Faenza. Have you heard of it? Do you know anything about it?
If you’re like most non-Italians (and even some of them), you are probably saying, “Faenza? What the heck is Faenza? ” or “Where the heck is Faenza?” and/or “Who the heck would *go* to Faenza?”
A small city (58.000 people), Faenza lies about 31 miles from Bologna. It is not a huge tourist town. You’ll find the requisite palazzo, duomo, parks, fountains, piazza, and a great weekly market. The jewel of Faenza, though, is its ceramics museum.
The Museo Internazionale delle Ceramiche
Yes, you read that right. Faenza is home to the Museo Internazionale delle Ceramiche (MIC), or International Museum of Ceramics. This small town has been in the forefront of the ceramic world for centuries and is home to not only the Faenza Bianca (Faenza White) pottery but also majolica (originally maiolica), a tin-glazed pottery. Founded in 1908, the MIC has the greatest collection of ancient, modern, and contemporary ceramics in the world. The 60,000-plus ceramics in the collection include works from countries all over the world and span many centuries. Of course, the MIC showcases Italian ceramics.

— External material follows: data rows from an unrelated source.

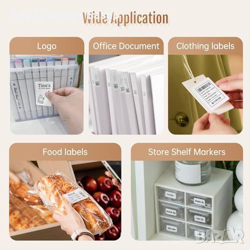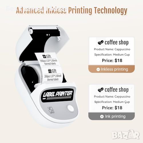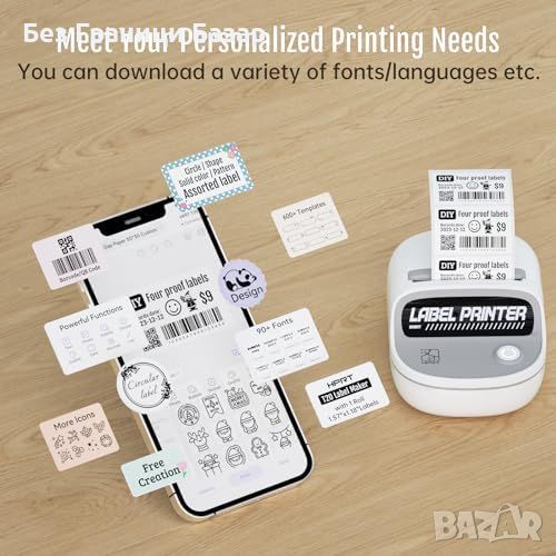 Универсален принтер за етикети: HPRT T20 позволява печат на етикети с широчина от 0.8 до 2 инча, поддържа текст, изображения, QR кодове и баркодове.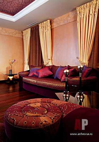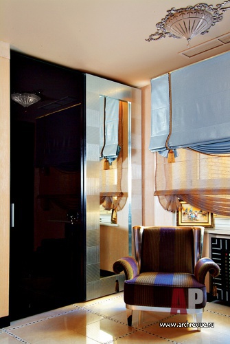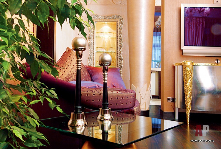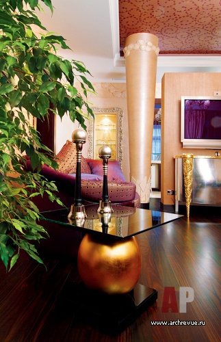 Создавая необычайно декоративный интерьер, дизайнеры используют авторские лепные изделия из гипса. Широкий потолочный фриз с рельефным орнаментом в духе ар-деко украшает практически все жилые помещения (кроме современных детских и кухни). Они оформляют стены многослойными финишами с перламутром, а потолки украшают трафаретной росписью в виде стилизованных цветочных завитков.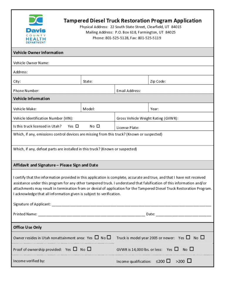 Completing the tampered diesel truck restoration form requires specific information to ensure an effective restoration process. The first section should encompass detailed vehicle information, including the Vehicle Identification Number (VIN), make, and model. Accurately documenting these elements is necessary for accurate records.

While much of it had been in private collections of royals and wealthy citizens, even more were ordinary pieces used in everyday life. While archeologists found many during digs, many were donations from individuals, families, and governments. The MIC has a number of cases dedicated to jars used in pharmacies. Several of the cases hold dinnerware and serving pieces.
As you would expect, a good number of pieces are religious in nature. Religion played as huge a part in the ceramic work as it did in paintings during the 16-19th centuries. That was, of course, due to the fact that most of what is now Italy was part of the Papal State, and religion ruled almost every aspect of everyone’s life.
Amazingly, as old as some of the pottery is, much of it is in good condition.
“How much restoration do you think they’ve done?” my husband asked me when we were looking at a few restored pieces. He was talking more about the colors. I asked the docent at a desk near us.
“The only restoration,” she told me, “is to put things together. The paint, the glaze, are all original. But, may have had no restoration. They are in original condition.”
Both of us agreed that our favorite part of the museum was the contemporary ceramic sculpture. The ceramicists vying for the biennial Premio Faenza (Faenza Prize) had their work on display when we were there. Initially a regional competition, the Premio went national in 1938 and international in 1963.
Open to individuals or groups, the Premio prides itself on promoting creativity by not having a specific theme. Entrants can use any ceramics technique and add other materials as long as they emphasize ceramics. It was very interesting to see the variety of pieces in the running for the award.
Faenza & Majolica Pottery
During the Renaissance, majolica pottery became popular with Italian ceramicists. Using the tin-glaze method, the artists decorate opaque white pieces with colorful paints before firing them.
While the wealthy bought majolica to decorate their homes, the working classes used majolica as everyday vessels, serving pieces, and plates. From the 16th century on, the pottery has been a major source of the town’s economy. Today, you can find several ceramicists working in town. While the quality and prices vary, you’ll get a better deal if you buy direct.